Find the line below with "在Moonlight手动添加电脑中输入电脑局域网地址。" and the line with "Geometrically determine the". Output exactly those lines and everything between them, leaving out the pictures.

Stored data:
_ _ _ _ _

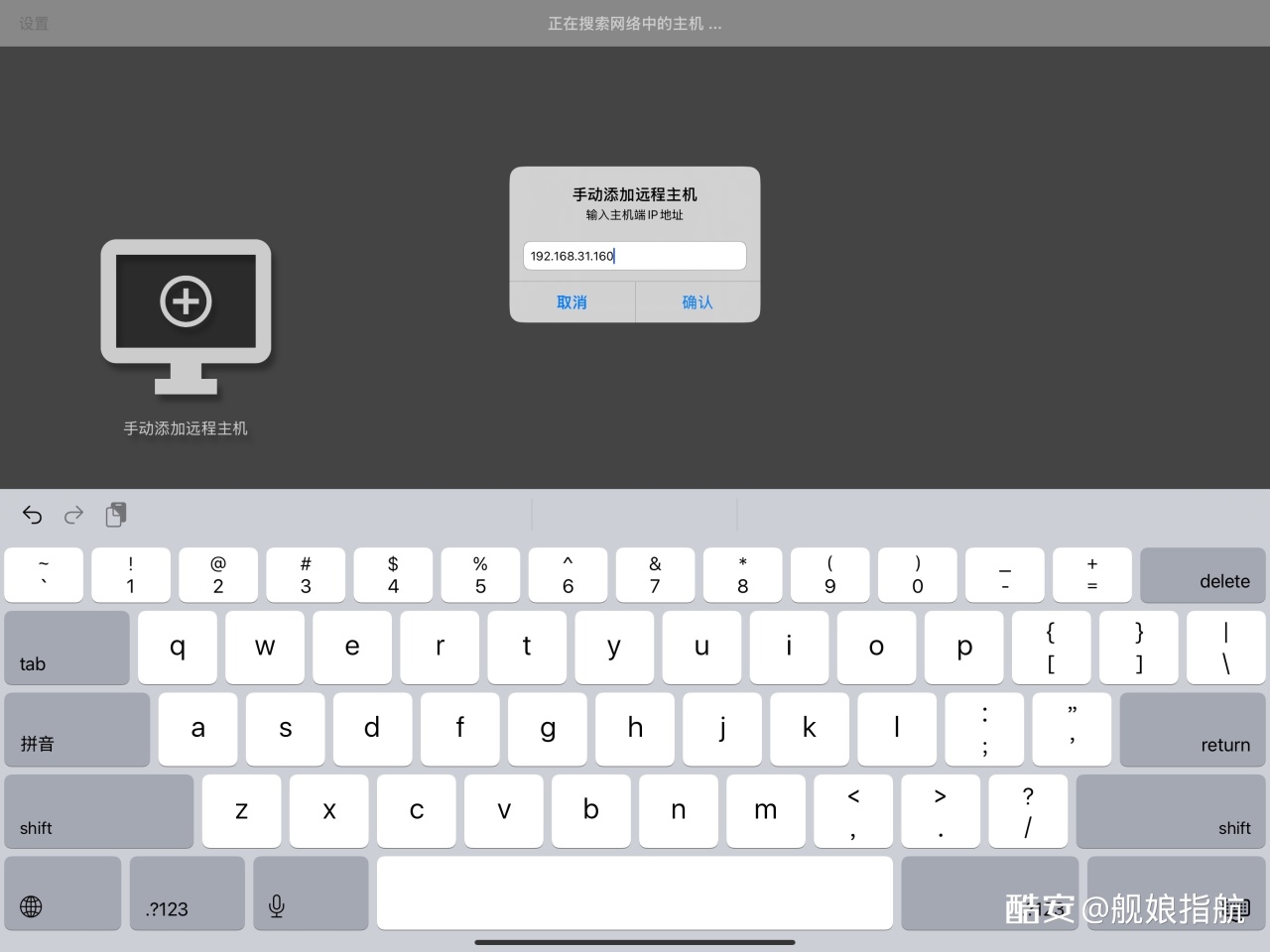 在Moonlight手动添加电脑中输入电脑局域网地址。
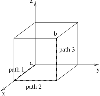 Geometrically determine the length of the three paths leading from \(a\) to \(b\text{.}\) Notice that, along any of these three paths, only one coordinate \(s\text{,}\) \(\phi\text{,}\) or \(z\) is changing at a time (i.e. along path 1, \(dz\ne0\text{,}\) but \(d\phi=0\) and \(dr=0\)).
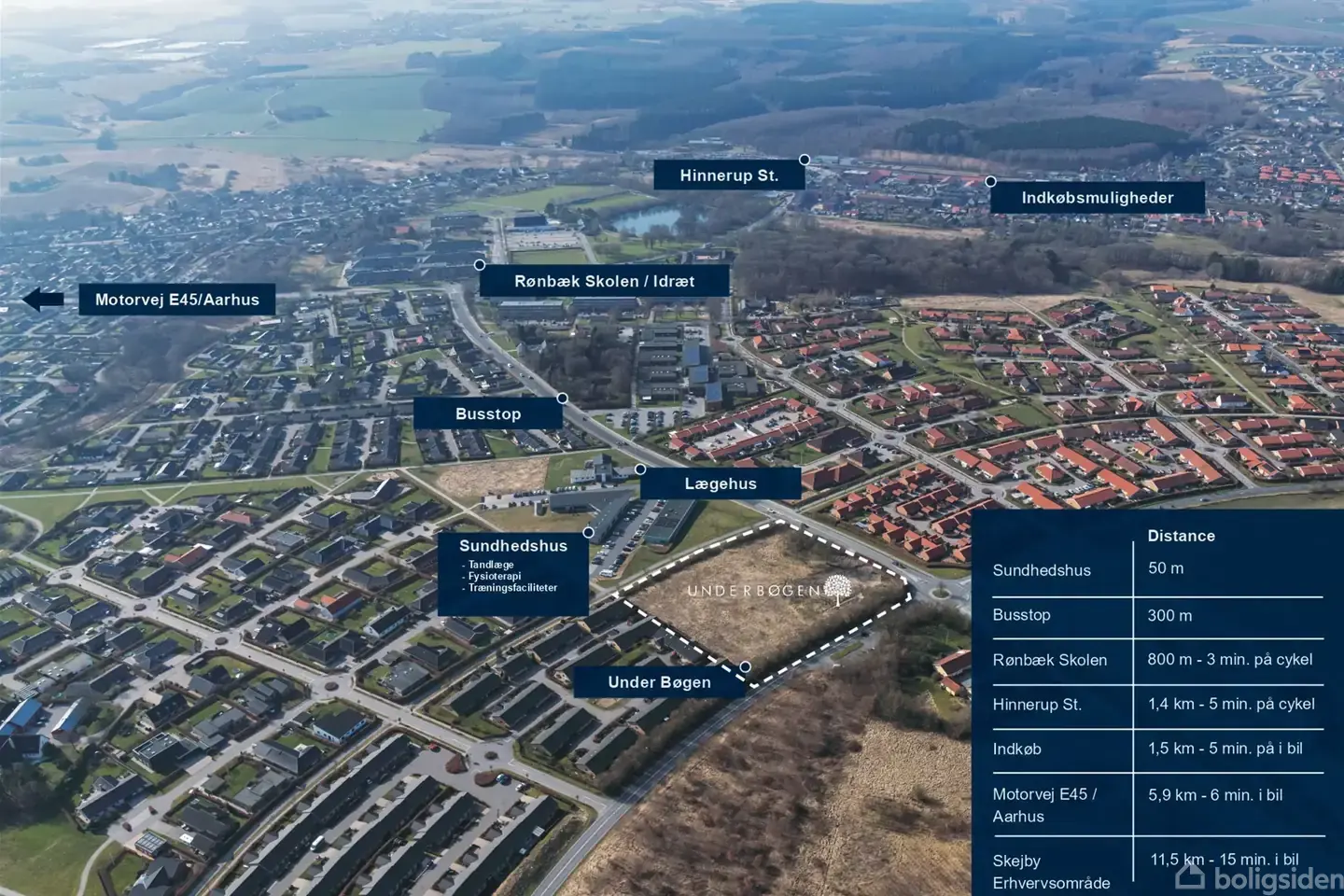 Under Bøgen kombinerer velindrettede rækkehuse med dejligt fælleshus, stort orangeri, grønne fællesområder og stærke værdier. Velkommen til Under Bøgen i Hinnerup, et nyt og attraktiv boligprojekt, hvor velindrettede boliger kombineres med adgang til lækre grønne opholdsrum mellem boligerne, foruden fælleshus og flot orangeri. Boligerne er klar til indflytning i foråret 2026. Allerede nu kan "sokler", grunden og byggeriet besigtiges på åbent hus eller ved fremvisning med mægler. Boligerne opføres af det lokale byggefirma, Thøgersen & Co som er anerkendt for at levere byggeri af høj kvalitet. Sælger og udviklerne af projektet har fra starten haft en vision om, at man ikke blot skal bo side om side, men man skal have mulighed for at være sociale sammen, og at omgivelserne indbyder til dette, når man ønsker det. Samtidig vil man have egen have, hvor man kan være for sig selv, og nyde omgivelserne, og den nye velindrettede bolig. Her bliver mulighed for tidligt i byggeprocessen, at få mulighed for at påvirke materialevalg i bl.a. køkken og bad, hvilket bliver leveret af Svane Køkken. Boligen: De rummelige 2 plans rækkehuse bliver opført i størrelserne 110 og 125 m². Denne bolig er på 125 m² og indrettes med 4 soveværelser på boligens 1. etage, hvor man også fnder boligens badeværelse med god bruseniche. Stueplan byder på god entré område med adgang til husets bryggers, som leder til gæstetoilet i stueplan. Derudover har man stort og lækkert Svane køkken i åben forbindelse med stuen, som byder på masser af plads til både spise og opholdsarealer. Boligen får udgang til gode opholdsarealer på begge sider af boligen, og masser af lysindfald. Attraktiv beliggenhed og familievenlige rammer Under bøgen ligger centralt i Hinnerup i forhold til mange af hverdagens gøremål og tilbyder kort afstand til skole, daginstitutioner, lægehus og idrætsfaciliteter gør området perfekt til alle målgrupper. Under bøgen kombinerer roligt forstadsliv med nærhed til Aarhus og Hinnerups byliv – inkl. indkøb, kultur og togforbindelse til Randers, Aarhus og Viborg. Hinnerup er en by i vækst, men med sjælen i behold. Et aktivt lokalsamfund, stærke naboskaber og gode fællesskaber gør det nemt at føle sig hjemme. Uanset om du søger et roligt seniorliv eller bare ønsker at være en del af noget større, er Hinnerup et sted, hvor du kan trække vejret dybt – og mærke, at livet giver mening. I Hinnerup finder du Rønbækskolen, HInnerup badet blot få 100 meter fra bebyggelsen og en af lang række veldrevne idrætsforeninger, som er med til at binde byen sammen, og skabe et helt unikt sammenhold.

_ _ _ _ _

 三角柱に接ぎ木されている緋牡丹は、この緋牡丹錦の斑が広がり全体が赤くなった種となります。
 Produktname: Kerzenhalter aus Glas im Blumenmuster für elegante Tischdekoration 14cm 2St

_ _ _ _ _

Exercise response:
 在Moonlight手动添加电脑中输入电脑局域网地址。
 Geometrically determine the length of the three paths leading from \(a\) to \(b\text{.}\) Notice that, along any of these three paths, only one coordinate \(s\text{,}\) \(\phi\text{,}\) or \(z\) is changing at a time (i.e. along path 1, \(dz\ne0\text{,}\) but \(d\phi=0\) and \(dr=0\)).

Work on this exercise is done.